Fallen Leaves
CHAPTER ONE
OUR LIFE BEGINS
A group of little children with their ways and chatter flow in,
Like welcome rippling water o’er my heated nerves and flesh.
—WALT WHITMAN, “AFTER THE ARGUMENT”
We like children first of all because they are ours; prolongations of our luscious and unprecedented selves. However, we also like them because they are what we would but cannot be—coordinated animals, whose simplicity and unity of action are spontaneous, whereas in the philosopher they come only after struggle and suppression. We like them because of what in us is called selfishness—the naturalness and undisguised directness of their instincts. We like their unhypocritical candor; they do not smile to us when they long for our annihilation. Kinder und Narren sprechen die Wahrheit—“Children and fools speak the truth”; and somehow they find happiness in their sincerity.
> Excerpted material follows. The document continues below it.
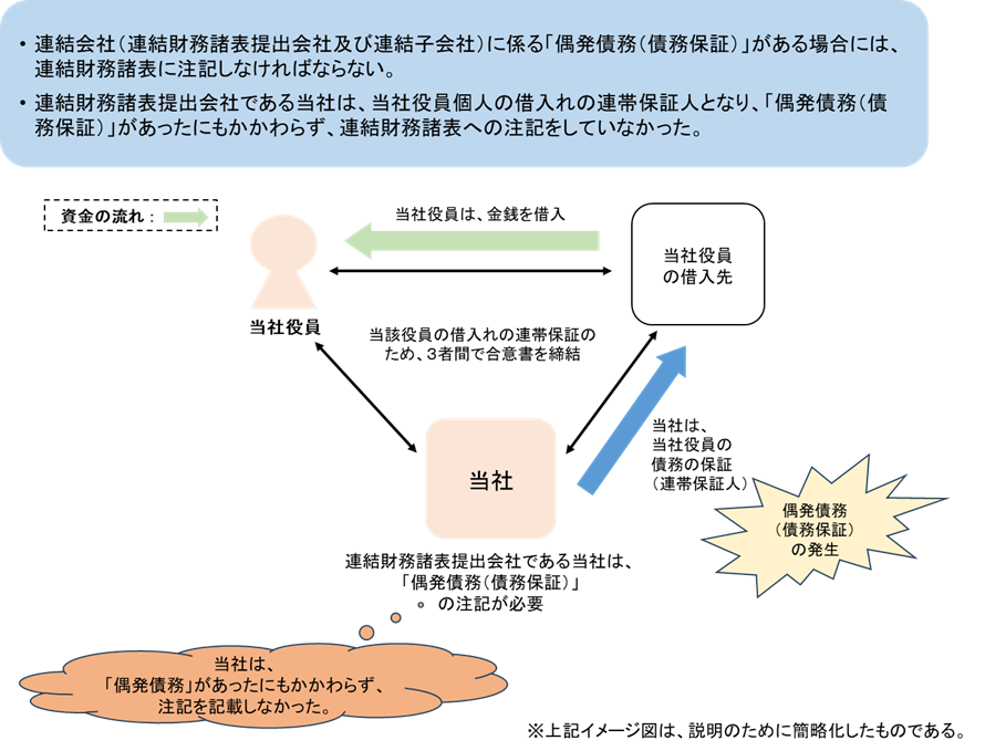 - 当社役員の個人借入の連帯保証に係る「偶発債務(債務保証)」としての注記

See him, the newborn, dirty but marvelous, ridiculous in
actuality, infinite in possibility, capable of that ultimate miracle—growth. Can you conceive it—that this queer bundle of sound and pain will come to know love, anxiety, prayer, suffering, creation, metaphysics, death? He cries; he has been so long asleep in the quiet warm womb of his mother; now suddenly he is compelled to breathe, and it hurts; compelled to see light, and it pierces him; compelled to hear noise, and it terrifies him. Cold strikes his skin, and he seems to be all pain. But it is not so; nature protects him against this initial onslaught of the world by dressing him in a general insensitivity. He sees the light only dimly; he hears the sounds as muffled and afar. For the most part he sleeps. His mother calls him a “little monkey,” and she is right; until he walks he will be like an ape, and even less of a biped, the womb-life having given his funny little legs the incalculable flexibility of a frog’s. Not till he talks will he leave the ape behind, and begin to climb precariously to the stature of a human being.
Watch him, and see how, bit by bit, he learns the nature of things by random movements of exploration. The world is a puzzle to him; and these haphazard responses of grasping, biting, and throwing are the pseudopodia, which he puts out to a perilous experience. Curiosity consumes and develops him; he would touch and taste everything from his rattle to the moon. For the rest he learns by imitation, though his parents think he learns by sermons. They teach him gentleness, and beat him; they teach him mildness of speech, and shout at him; they teach him a Stoic apathy to finance, and quarrel before him about the division of their income; they teach him honesty, and answer his most profound questions with lies. Our children bring us up by showing us, through imitation, what we really are.
The child might be the beginning and the end of philosophy. In its insistent curiosity and growth lies the secret of all metaphysics; looking upon it in its cradle, or as it creeps across the floor, we see life not as an abstraction, but as a flowing reality that breaks through all our mechanical categories, all our physical formulas. Here in this expansive urgency, this patient effort and construction, this resolute rise from hands to feet, from helplessness to power, from infancy to maturity, from wonder to wisdom—here is the “Unknowable” of Spencer, the Noumenon of Kant, the Ens Realissimum of the Scholastics, the “Prime Mover” of Aristotle, the To ontos on, or “That Which Really Is,” of Plato; here we are nearer to the basis of things than in the length and breadth and thickness and weight and solidity of matter, or in the cogs and pulleys and wheels and levers of a machine. Life is that which is discontent, which struggles and seeks, which suffers and creates. No mechanistic or materialistic philosophy can do it justice, or understand the silent growth and majesty of a tree, or compass the longing and laughter of children.
Childhood may be defined as the age of play; therefore some children are never young, and some adults are never old.